OpenCore decorators such as @Command() and server-side @OnNet() rely on runtime metadata emitted for decorated methods. For parameters like Player, the runtime needs the actual class value to exist when TypeScript emits design:paramtypes metadata.

If Player is imported with import type, the class value does not exist in the build output. That can cause metadata to degrade or point to a non-usable fallback value, which breaks the framework's ability to understand the handler signature correctly.

Affected cases

This is especially important for handler signatures that expect framework runtime objects, for example:

@Command('heal')
heal(player: Player) {}

@OnNet('bank:deposit')
deposit(player: Player, amount: number) {}

The same rule applies to other complex runtime-backed classes and values that must exist at runtime, not only Player.
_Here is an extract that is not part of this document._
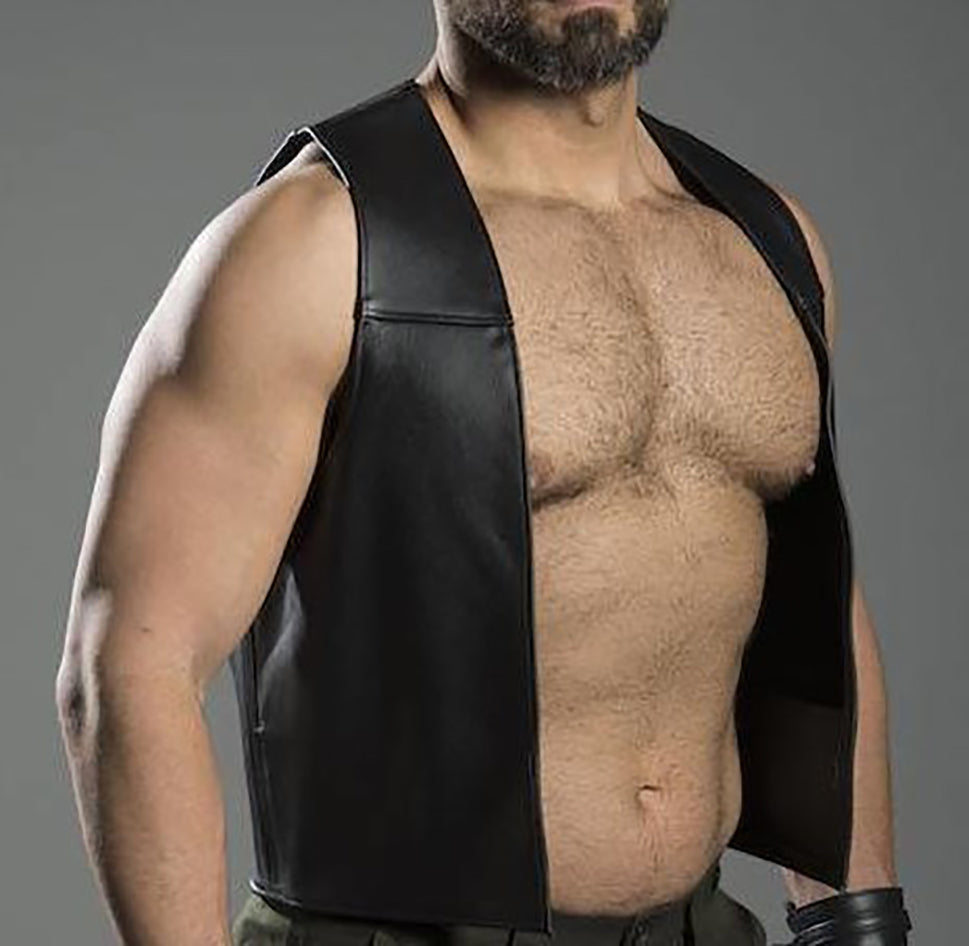 Men's Real Leather Bartender Vest Leather Vest Front Open Vest

Examples include framework entities, rich payload classes, and any value used by decorator-driven metadata that depends on a real JavaScript constructor.

Safe rule

Use normal value imports for runtime-backed framework classes in decorated signatures:

import { Command, Controller, OnNet, Player } from '@open-core/framework/server'

Only use import type for symbols that are truly type-only and are not needed at runtime.

Recommendation

If your formatter or linter keeps applying this rewrite automatically:

  • disable the auto-fix for that import
  • keep Player as a normal import
  • review similar fixes on other complex framework classes before accepting them

When in doubt, prefer a normal import in decorator-based handler signatures.